### Records:
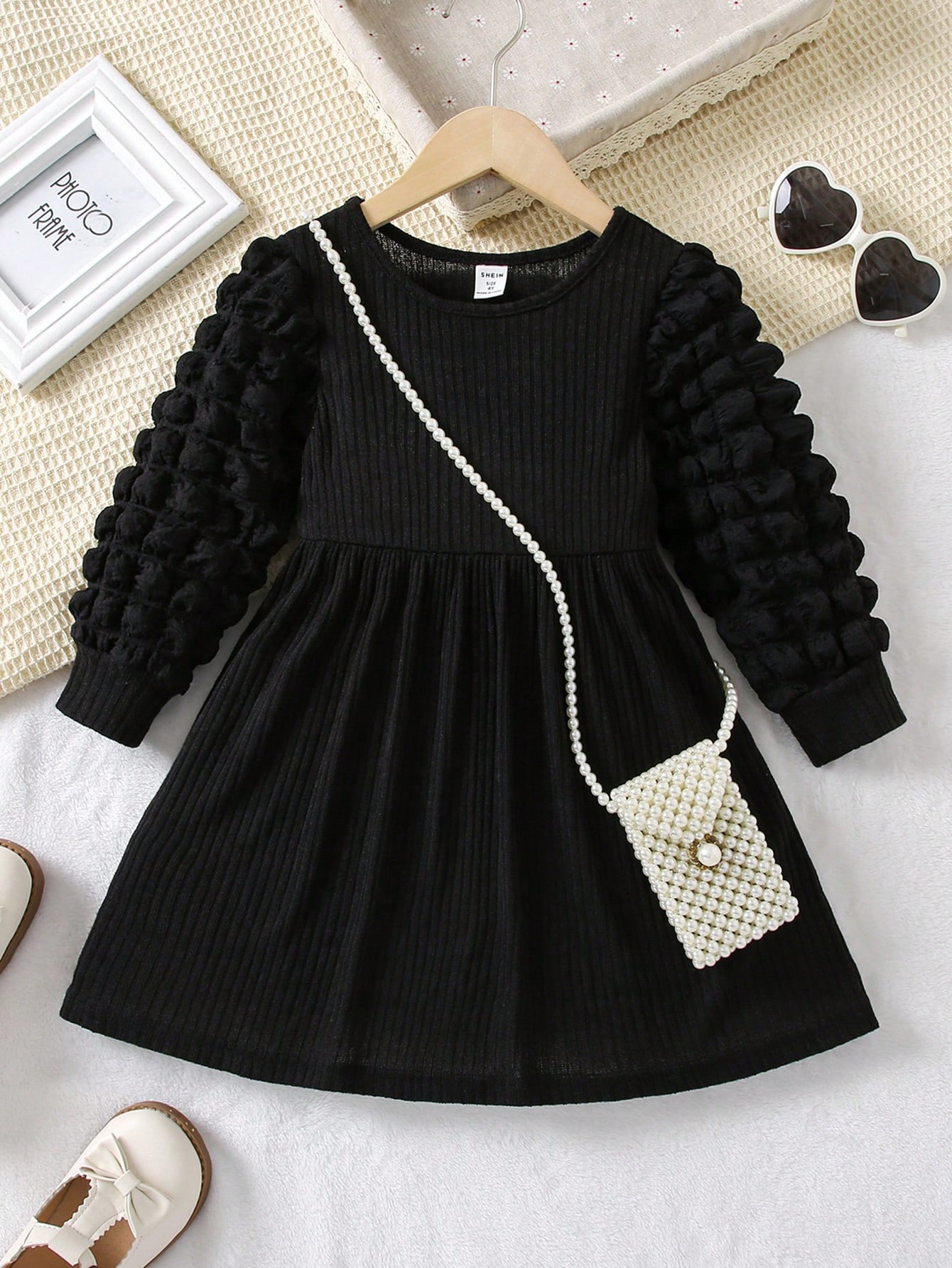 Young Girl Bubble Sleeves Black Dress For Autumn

...

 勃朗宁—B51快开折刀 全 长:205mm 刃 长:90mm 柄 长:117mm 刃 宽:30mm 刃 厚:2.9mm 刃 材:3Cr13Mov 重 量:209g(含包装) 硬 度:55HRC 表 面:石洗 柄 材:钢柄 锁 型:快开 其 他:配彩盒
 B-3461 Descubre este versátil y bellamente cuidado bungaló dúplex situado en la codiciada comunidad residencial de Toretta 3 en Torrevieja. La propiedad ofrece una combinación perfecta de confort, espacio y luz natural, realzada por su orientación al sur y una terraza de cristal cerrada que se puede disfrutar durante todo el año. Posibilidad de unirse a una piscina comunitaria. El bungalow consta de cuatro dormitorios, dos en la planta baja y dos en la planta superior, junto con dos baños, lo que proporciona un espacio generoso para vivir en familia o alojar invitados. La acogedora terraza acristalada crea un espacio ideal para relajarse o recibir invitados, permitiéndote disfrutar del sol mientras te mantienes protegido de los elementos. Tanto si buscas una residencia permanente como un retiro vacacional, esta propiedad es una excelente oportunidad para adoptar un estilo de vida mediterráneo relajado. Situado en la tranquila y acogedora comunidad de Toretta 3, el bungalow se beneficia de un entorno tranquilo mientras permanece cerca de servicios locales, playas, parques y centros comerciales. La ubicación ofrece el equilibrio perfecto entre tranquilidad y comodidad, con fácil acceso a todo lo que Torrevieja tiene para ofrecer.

---

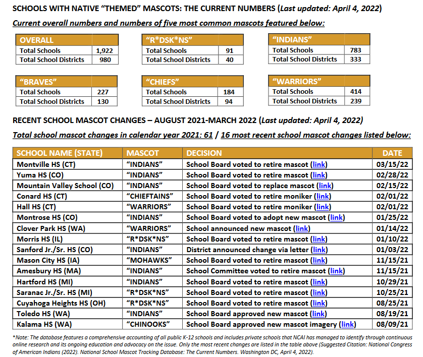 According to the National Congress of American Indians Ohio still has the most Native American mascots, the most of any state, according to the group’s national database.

### What is needed:
Above are records; repeat only the lines starting at the line with "勃朗宁—B51快开折刀 全 长:205mm" and ending at the line with "B-3461 Descubre este", exactly as they appear, both included.

### Result of the exercise:
 勃朗宁—B51快开折刀 全 长:205mm 刃 长:90mm 柄 长:117mm 刃 宽:30mm 刃 厚:2.9mm 刃 材:3Cr13Mov 重 量:209g(含包装) 硬 度:55HRC 表 面:石洗 柄 材:钢柄 锁 型:快开 其 他:配彩盒
 B-3461 Descubre este versátil y bellamente cuidado bungaló dúplex situado en la codiciada comunidad residencial de Toretta 3 en Torrevieja. La propiedad ofrece una combinación perfecta de confort, espacio y luz natural, realzada por su orientación al sur y una terraza de cristal cerrada que se puede disfrutar durante todo el año. Posibilidad de unirse a una piscina comunitaria. El bungalow consta de cuatro dormitorios, dos en la planta baja y dos en la planta superior, junto con dos baños, lo que proporciona un espacio generoso para vivir en familia o alojar invitados. La acogedora terraza acristalada crea un espacio ideal para relajarse o recibir invitados, permitiéndote disfrutar del sol mientras te mantienes protegido de los elementos. Tanto si buscas una residencia permanente como un retiro vacacional, esta propiedad es una excelente oportunidad para adoptar un estilo de vida mediterráneo relajado. Situado en la tranquila y acogedora comunidad de Toretta 3, el bungalow se beneficia de un entorno tranquilo mientras permanece cerca de servicios locales, playas, parques y centros comerciales. La ubicación ofrece el equilibrio perfecto entre tranquilidad y comodidad, con fácil acceso a todo lo que Torrevieja tiene para ofrecer.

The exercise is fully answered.